Required work: Transcribe all of the data verbatim, please, and leave out its pictures.

Provided data:
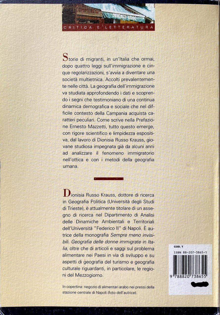Storie di migranti, in un'Italia che ormai, dopo quattro leggi sull'immigrazione e cinque regolarizzazioni, s'avvia a diventare una società multietnica. Accolti prevalentemente nelle città. La geografia dell'immigrazione va studiata approfondendo i dati e scoprendo i segni che testimoniano di una continua dinamica demografica e sociale che nel difficile contesto della Campania acquista caratteri peculiari. Come scrive nella Prefazione Ernesto Mazzetti, tutto questo emerge, con rigore scientifico e limpidezza espositiva, dal lavoro di Dionisia Russo Krauss, giovane studiosa impegnata già da alcuni anni ad analizzare il fenomeno immigratorio nell'ottica e con i metodi della geografia umana.
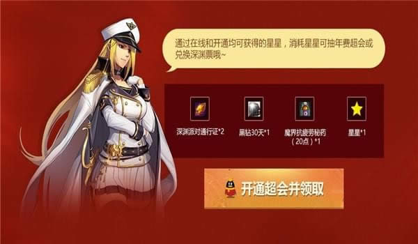 2.开通会员即可获得奖励,领取黑钻和深渊票奖励。
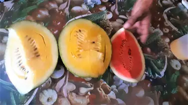 Así lo informó el productor Luis Perales, de Palma Sola, quien explicó: "ahora la pusimos escalonada y las otras van a empezar a salir dentro de poco, y ya estamos cosechando. La sandía amarilla se diferencia de la roja en el sabor, es más dulce y más jugosa; le dicen personal pero es ideal para una familia, porque es de unos tres kilos", precisó.
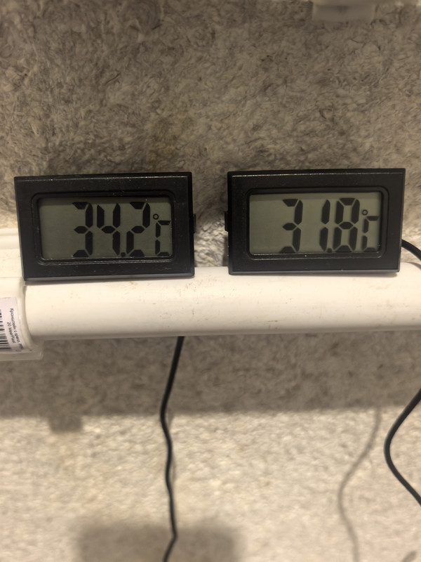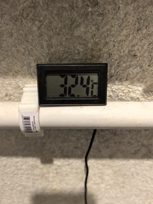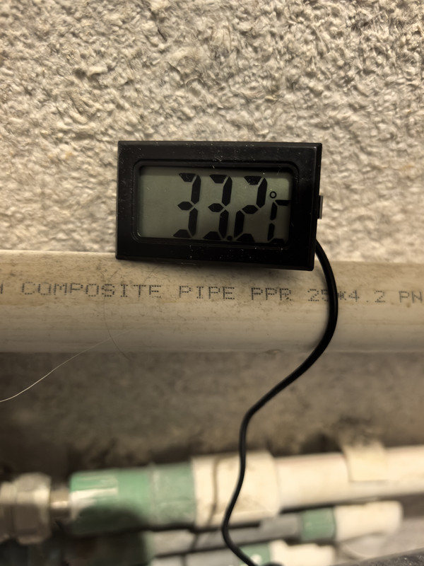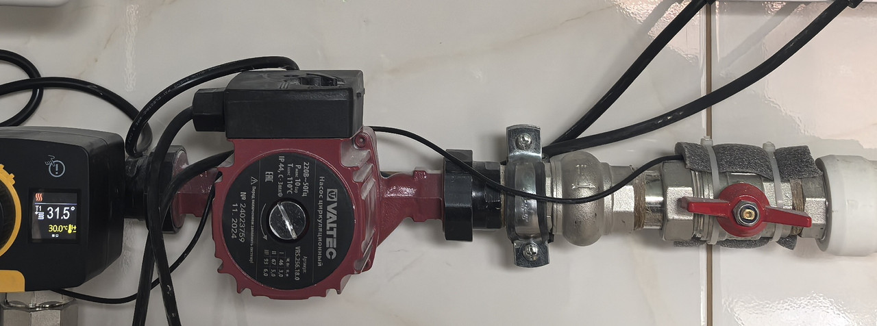 Потом купил еще такой датчик, закрепил на коллекторе обратки теплого пола. Правда я чуть покрутил кран подмески, и в такое же значение как было, не попал (стала чуть горячее подача). Так вот на обратке стабильно 31.8 - 31.9 градуса, при этом на подаче 33.7 - 34.2. Справа датчик на обратке, слева на подаче.
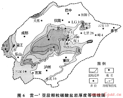 綜上所述,上述2套儲(chǔ)層的發(fā)育條件和區(qū)域分布不同,風(fēng)化殼型巖溶儲(chǔ)層受微相和巖溶作用的控制,縱向上分布在風(fēng)化殼下數(shù)十米范圍內(nèi),平面上分布于有利巖相和有利巖溶古地貌單元疊合部位,初步預(yù)測(cè)LG-營山-西充-遂寧是勘探有利區(qū),勘探面積約2×104km2;顆粒白云巖儲(chǔ)層主要受微相控制,雷一顆粒灘分布于川中磨溪-廣安地區(qū),面積約1×104km2;雷三顆粒灘分布于龍門山前帶,面積約8000km2。
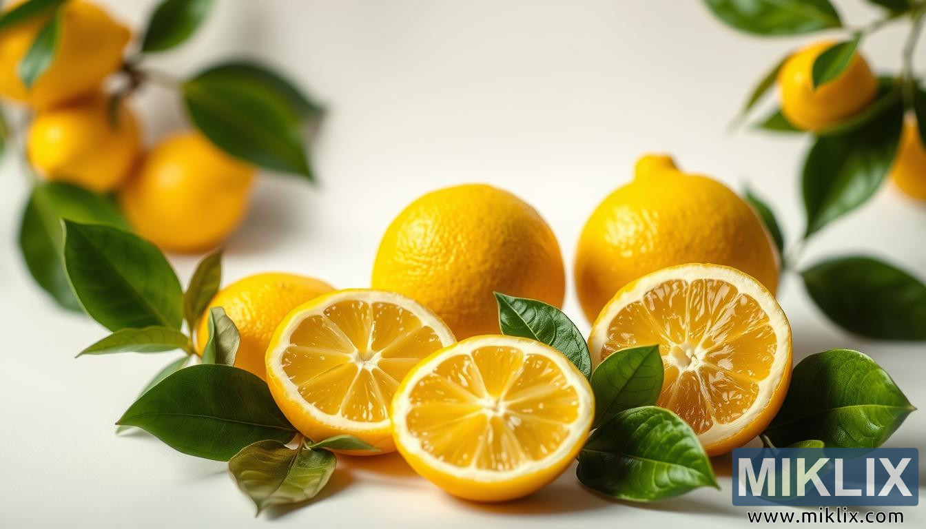 Ամբողջական և կտրատած կիտրոնների նատյուրմորտ տերևներով՝ մեղմ լուսավորության տակ, որը ընդգծում է դրանց վիտամին C-ի հարստությունը, իմունային համակարգը խթանող ուժը և թարմ կենսունակությունը։
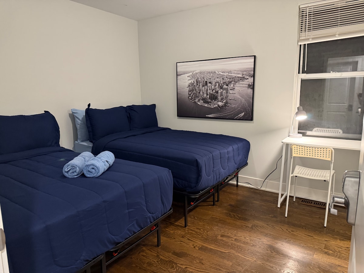 Experience the charm of Pilsen, one of Chicago's trendiest neighborhoods. Your private bedroom features a queen-size bed and an en-suite bathroom with a tub/shower. The room includes a small desk, ample storage space, and a TV with streaming services. Triple-paned windows provide plenty of natural light while minimizing noise from the nearby I-90/94 freeway. The room is located on the third floor (40 steps)! The second floor offers access to the kitchen, living room, TV den, and balcony.
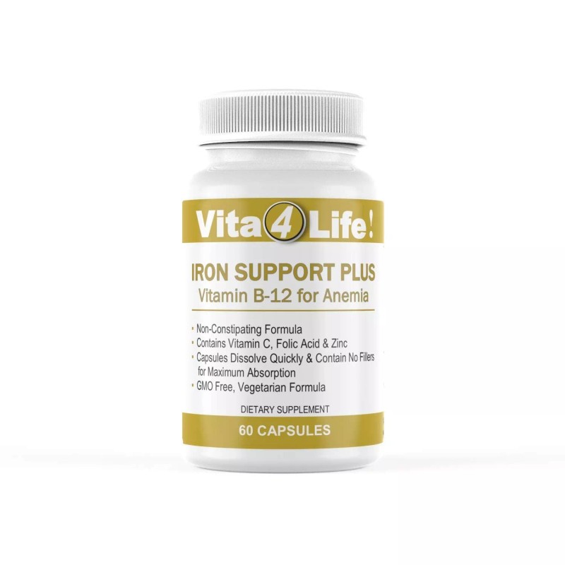 Vita4Life Iron Support 'Plus' Vitamin B-12 - Bariatric Supplement for Anemia - 60 Count
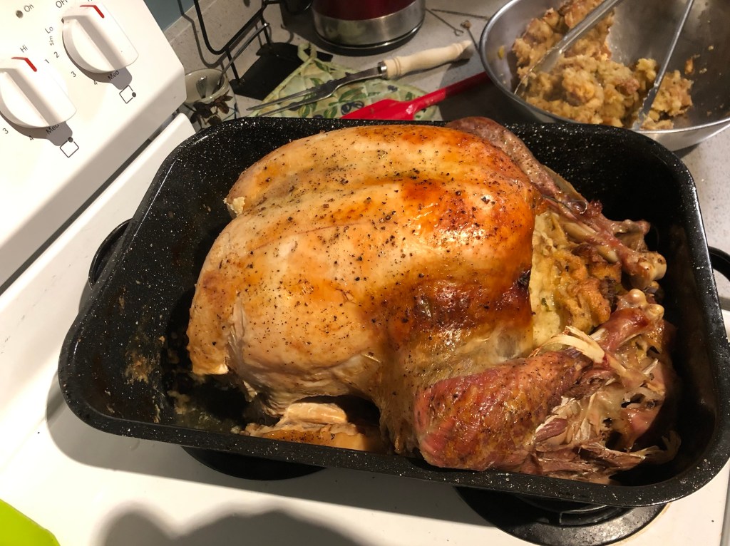 There is a swath of the public that does not like to allow the harvesting of the bones until its been placed at the centre of the table… this is understandable of course, and at times must be endured patiently. Once photo opportunities have been exhausted, and the meal is sufficiently underway, volunteer to start clearing the table for dessert… they become distracted by their own hopes for pie, and allow the bird carcass to be removed to the kitchen where the de-boning process can take place.
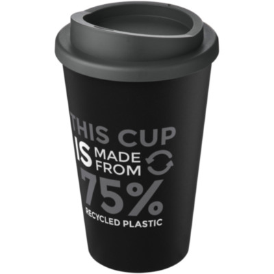 Vaso con aislamiento de doble capa con tapa de rosca. El vaso está hecho de plástico de polipropileno 75 % reciclado, con una capa interior negra, mientras que la tapa está hecha de plástico de polipropileno de grado alimenticio. Dado que la tapa no está hecha de material reciclado, está disponible en una amplia gama de colores diferentes. Los tonos en negro o blanco pueden variar, la opción blanca tiene un efecto de textura y puede incluir tintes de color debido a la naturaleza del material reciclado. Capacidad de 350 ml. Fabricado en el Reino Unido. Embalado en una bolsa compostable. Sin BPA y apto para lavavajillas.

The answer:
Storie di migranti, in un'Italia che ormai, dopo quattro leggi sull'immigrazione e cinque regolarizzazioni, s'avvia a diventare una società multietnica. Accolti prevalentemente nelle città. La geografia dell'immigrazione va studiata approfondendo i dati e scoprendo i segni che testimoniano di una continua dinamica demografica e sociale che nel difficile contesto della Campania acquista caratteri peculiari. Come scrive nella Prefazione Ernesto Mazzetti, tutto questo emerge, con rigore scientifico e limpidezza espositiva, dal lavoro di Dionisia Russo Krauss, giovane studiosa impegnata già da alcuni anni ad analizzare il fenomeno immigratorio nell'ottica e con i metodi della geografia umana.
 2.开通会员即可获得奖励,领取黑钻和深渊票奖励。
 Así lo informó el productor Luis Perales, de Palma Sola, quien explicó: "ahora la pusimos escalonada y las otras van a empezar a salir dentro de poco, y ya estamos cosechando. La sandía amarilla se diferencia de la roja en el sabor, es más dulce y más jugosa; le dicen personal pero es ideal para una familia, porque es de unos tres kilos", precisó.
 Потом купил еще такой датчик, закрепил на коллекторе обратки теплого пола. Правда я чуть покрутил кран подмески, и в такое же значение как было, не попал (стала чуть горячее подача). Так вот на обратке стабильно 31.8 - 31.9 градуса, при этом на подаче 33.7 - 34.2. Справа датчик на обратке, слева на подаче.
 綜上所述,上述2套儲(chǔ)層的發(fā)育條件和區(qū)域分布不同,風(fēng)化殼型巖溶儲(chǔ)層受微相和巖溶作用的控制,縱向上分布在風(fēng)化殼下數(shù)十米范圍內(nèi),平面上分布于有利巖相和有利巖溶古地貌單元疊合部位,初步預(yù)測(cè)LG-營山-西充-遂寧是勘探有利區(qū),勘探面積約2×104km2;顆粒白云巖儲(chǔ)層主要受微相控制,雷一顆粒灘分布于川中磨溪-廣安地區(qū),面積約1×104km2;雷三顆粒灘分布于龍門山前帶,面積約8000km2。
 Ամբողջական և կտրատած կիտրոնների նատյուրմորտ տերևներով՝ մեղմ լուսավորության տակ, որը ընդգծում է դրանց վիտամին C-ի հարստությունը, իմունային համակարգը խթանող ուժը և թարմ կենսունակությունը։
 Experience the charm of Pilsen, one of Chicago's trendiest neighborhoods. Your private bedroom features a queen-size bed and an en-suite bathroom with a tub/shower. The room includes a small desk, ample storage space, and a TV with streaming services. Triple-paned windows provide plenty of natural light while minimizing noise from the nearby I-90/94 freeway. The room is located on the third floor (40 steps)! The second floor offers access to the kitchen, living room, TV den, and balcony.
 Vita4Life Iron Support 'Plus' Vitamin B-12 - Bariatric Supplement for Anemia - 60 Count
 There is a swath of the public that does not like to allow the harvesting of the bones until its been placed at the centre of the table… this is understandable of course, and at times must be endured patiently. Once photo opportunities have been exhausted, and the meal is sufficiently underway, volunteer to start clearing the table for dessert… they become distracted by their own hopes for pie, and allow the bird carcass to be removed to the kitchen where the de-boning process can take place.
 Vaso con aislamiento de doble capa con tapa de rosca. El vaso está hecho de plástico de polipropileno 75 % reciclado, con una capa interior negra, mientras que la tapa está hecha de plástico de polipropileno de grado alimenticio. Dado que la tapa no está hecha de material reciclado, está disponible en una amplia gama de colores diferentes. Los tonos en negro o blanco pueden variar, la opción blanca tiene un efecto de textura y puede incluir tintes de color debido a la naturaleza del material reciclado. Capacidad de 350 ml. Fabricado en el Reino Unido. Embalado en una bolsa compostable. Sin BPA y apto para lavavajillas.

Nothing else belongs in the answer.